本物の有識者なら、たとえ小泉首相が女性天皇実現の方針であるとしても、それが易姓革命-異姓簒奪を容認することに繋がるので、こういう大それたことは諫止する。敗戦によって現人神であることが否定されてしまったが皇位国体を護持できた。戦争に負けたわけでもないのにみすみす神聖不可侵の皇朝を滅ぼすようなことは無謀なやめてくださいと、つまりこれは敗戦責任に等しい結果をもたらす無謀なことである。フェミニズム迎合や安直な大衆世論迎合政治を誡めるということがあって良いと思いますが、ただ、既定方針どおり手続きをこなしているとしかみることができない。何のための有識者なのかわからない。
本物の有識者なら、大衆世論に対しても、内親王が継嗣であるべきだ。天皇に即位しなければならないみたいな勝手な思いこみが間違いだといことを国民に対して説輸すべきなのである。敬宮愛子内親王に勝手に感情移入している大衆世論を批判すべきなのである。このままでいくと異姓簒奪の合法化によって内親王が易姓禅譲革命を演出する役割を強要するということにもなりかねない。聡明な方なら耐え難い辛い役回りを強要することになります。後漢の献帝や、魏の元帝じゃないが、簒奪される側の皇帝というのは惨めなものですよ。そういう立場に内親王を追込む無謀な女帝待望論というもまのはまさに民をもって国を簒うことになるから誡めるべきなのに、ただ大衆世論に迎合する結論で満足するのは最低の有識者というほかない。事実上、民をもって国を簒う結論を出すに等しい有識者会議は有害であるから直ちに解散すべきである。
そもそも園部逸夫座長代理の持論は伝統否定容認論なので偏った人選だった
有識者会議の人選については発足当初から指摘されていたことだが、やはり偏っていると思います。例えば行政法の専門家で元最高裁判事の園部逸夫が座長代理として会議をリードしている。園部の『皇室法概論』(第一法規2002年)を読むと以下に引用するとおり憲法第二条の世襲規定には女系を含むとされ、もともと歴史・伝統的脈絡にこだわらない人であるということがわかる。
「歴史・伝統によって世襲制の在り方を決定すべきと考えるべきでなく、最終的には国民が世襲制の内容はどのようにあるべきと考えるかによって、決定されるべきもの」(40頁)と言い、また「第二条は『皇位は世襲のもの』と定めるのみであり、皇位継承資格を男子に限るか否かについては憲法で定めず、法律である皇室典範に委ねたというのが多数説」(317頁)と述べているが、引用されているのは佐藤功説と清宮四郎説だけである。

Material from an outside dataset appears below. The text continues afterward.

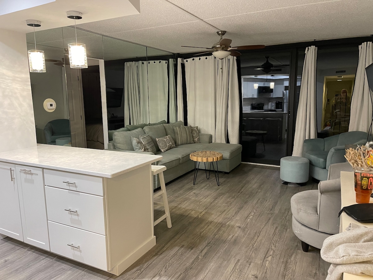Note: Must be 25 or older to rent our home. Beautifully renovated 2 bedroom beach front condo with views of both the beach and bay. Enjoy watching the waves roll in or a stunning sunrise through floor to ceiling windows without ever getting out of your king size bed. In the evening, open your front door to witness breathtaking sunsets over the bay. Or just relax with a drink on the beachfront balcony and listen to the waves with full 100% view of the beach and ocean.

続いて「本書も多数説と同様に解するが‥‥皇位の世襲制を定めた同第二条は皇位継承の伝統を背景としたものであり、そこで定める『世襲』概念は女系を含まず、憲法が皇位継承資格者を男系男子に限っているという説もみられる(例えば小嶋和司「女帝」論議『小嶋和司憲法論集二 憲法と政治機構』四五頁)。‥‥憲法が皇位を世襲と定めている背景に我が国の歴史及び伝統があることは本書も認めるし‥‥歴史上、皇位が男系で継承されてきたことを否定するものではない。ただそのことをもって同第二条の「世襲」の意味内容をも、男女両方の血統を含むと考えられる一般的な世襲概念を離れ、男系による継承と解さなければならないということではない」(317~318頁)とする。
ということで憲法第二条の世襲規定には一般的な世襲概念があてはまるとされ、園部が引用しているのが、『広辞苑第五版』の「その家の地位・財産・職業などの嫡系の子孫が代々うけつぐこと」(324頁)なのです。この広辞苑の定義に皇位継承も無理矢理あてはめていいんだというのは不遜な考え方だなと私は思います。皇室の歴史的伝統的脈絡より広辞苑の一般的定義を重んじるなど本末転倒も甚だしい。
私は基本的に、園部も引用している以下に引用する「皇統を男系に限ることは憲法違反になるか」という昭和二十一年七月二十五日に高尾亮一(宮内省文書課長で皇室典範改正に携わった)が臨時法制調査会小委員会が提出した」文書で述べられている皇位における世襲概念を踏襲することでよいと思うんです。
「皇位の世襲と云ふ場合の世襲はどんな内容をもつか。典範義解はこれを(一)皇祚を践むは皇胤に限る(二)皇祚を践むは男系に限る(三)皇統は一系にして分裂すべからずことの三点に要約してゐる。さうしてこれは歴史上の一の例外もなくつづいて来た客観的事実にもとづく原則である。世襲といふ観念の内容について他によるべき基準がない以上これによらなければならぬ。さうすれば少なくとも女系といふことは、皇位の世襲の観念に含まれてゐないと云へるであらう‥‥」(園部前掲書370頁)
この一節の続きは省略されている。